On Wednesday, the 21st, the coffin was again removed to the ship. The imprudence of the former procession had struck everyone. The streets were cleared and no one admitted to the jetty except the procession. 'You cannot imagine the awful solemnity which all this precaution gave the whole thing. It was like marching through a city half-dead and half-besieged.' Nothing was to be seen but troops; and, 'when we got into Dalhousie Square, there was a battery of artillery firing minute-guns, and drawn up on the road just as if they were going to fight. Two or three bands played the Dead March the whole way, till I felt as if it would never get out of my ears. At the end of the jetty lay the "Daphne." ... The sailors, with infinite delicacy and quiet, draped the coffin carefully with its flags ... and it was raised and lowered by a steam-crane, which, somehow or other, they managed to work without any sound at all. When the ship steamed off down the river, and the minute-guns stopped, and I drove home with Henry Cunningham, I really felt as I suppose people feel when an operation is over. There was a stern look of reality about the whole affair, quite unlike what one has seen elsewhere. Troops and cannon and gun-carriages seem out of place in England, ... but it is a very different matter here, where everything rests upon military force. The guns and the troops are not only the outward and visible marks of power, but they are the power itself to a great extent, and it is very impressive to see them.

'It gives a sort of relief to one,' he adds, 'that after all Lord Mayo was, in a sense, going home: that he (so far as one can speak of his dead body) was leaving this country with all its various miseries, to return to his own native place. If one is to have fancies on such a matter, it is pleasant to think that he is not to lie here in a country where we can govern and where we can work and make money and lead laborious lives; but for which no Englishman ever did, or ever will, or can feel one tender or genial feeling.[118] The work that is done here is great and wonderful; but the country is hateful.'

One singular incident was connected with this event. The murderer had been tried on the spot and sentenced to death.
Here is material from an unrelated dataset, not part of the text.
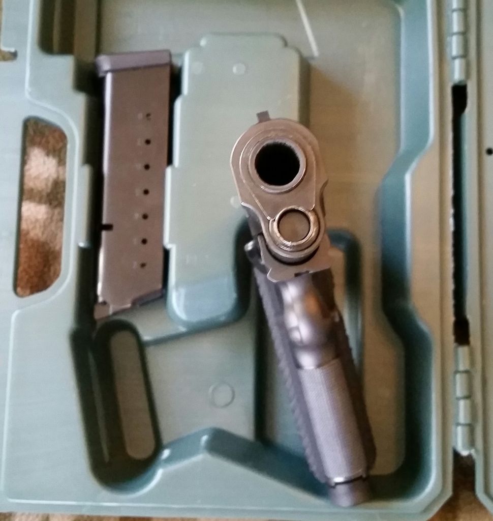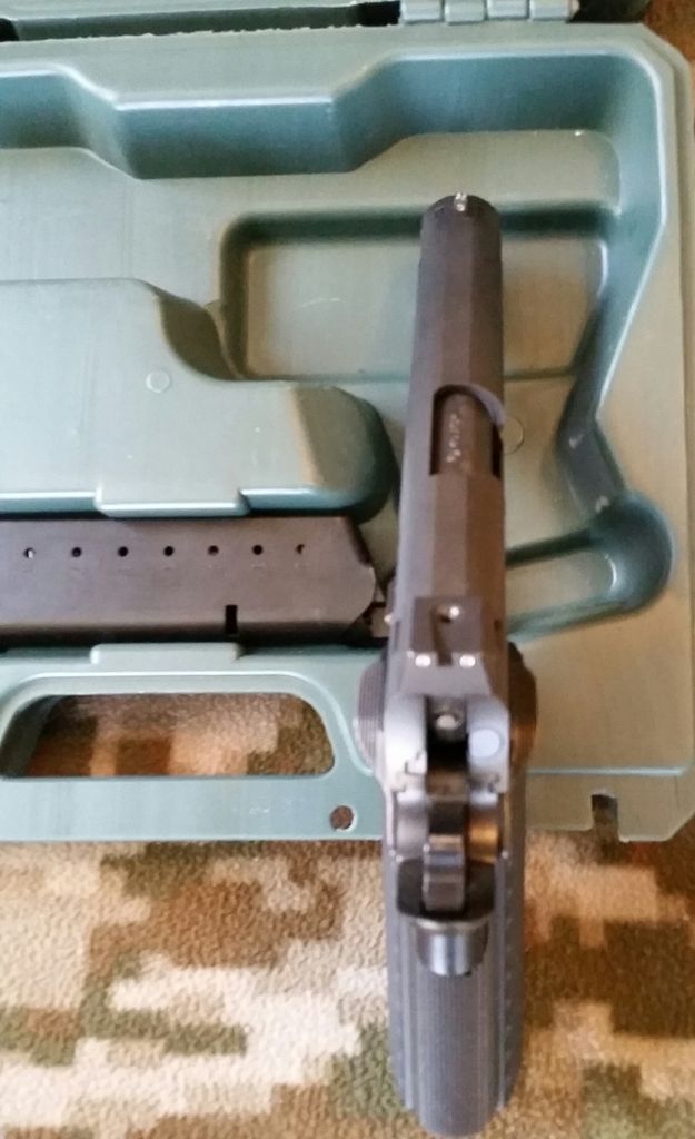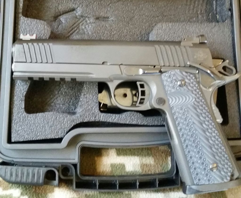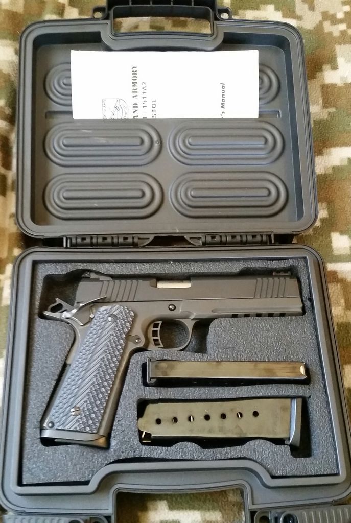 Rock Island Armory 2011 VZ full rail tactical single stack in 45acp, has upgrades, 10-8 extended slide stop, EGW HD extractor, fit and blended, trigger undercut. Work was done by a retired US ARMY armorer and looks great, feels great. I was going to have the gun refinished but haven't, I now have a full rail Springfield Armory so I'm thinning the herd. Has VZ Operator 2 grips, factory cut for the magwell, true Dove tail cut sights with adjustable rear and fiber optic front sight. No problems, less than 500rds. Comes with factory case and 3 factory 8rd mags. No rattle, no idiot scratch.

The sentence had to be confirmed by the High Court at Calcutta. It was there discovered that the judge had by some mistake recorded that the European witnesses had 'affirmed' according to the form used for native religions, instead of being sworn according to the Christian formula. Fitzjames was startled to hear of this intrusion of technicality upon such an occasion; and held, I think, that in case of need, the Government of India should manage to cut the knot. Ultimately, however, some of the witnesses who were at Calcutta made affidavits to the effect that they had really been sworn, and the sentence was confirmed and executed. Otherwise, said Fitzjames in one of his last Indian speeches (upon the Oaths and Declaration Act) a grievous crime might have escaped punishment, because five English gentlemen had made statements 'in the presence of Almighty God,' instead of kissing the Bible and saying 'So help me God.'

I must mention one other incident which occurred at the end of Fitzjames's stay in India. One Ram Singh was the spiritual and political chief of a sect called the Kookas. His disciples showed their zeal by murdering butchers as a protest against cow-killing. They were animated by prophecies of a coming kingdom of heaven, broke into rioting and were suppressed, and, as the Indian Government held, punished with an excess of severity. Although Fitzjames was not officially responsible in this business, he was consulted on the occasion; and his opinions are represented by an official despatch. I need only say that, as in the case of Governor Eyre, he insisted that, while the most energetic measures were allowable to suppress actual resistance, this was no excuse for excessive punishment after the danger was over. The ordinary law should then be allowed to take its course. Meanwhile, Ram Singh was shown to be more or less implicated in the disorders and was deported to Burmah. Fitzjames was greatly impressed by the analogy between English rulers in India and Roman governors in Syria some eighteen centuries ago, when religious sects were suspected of political designs. To this I shall refer presently.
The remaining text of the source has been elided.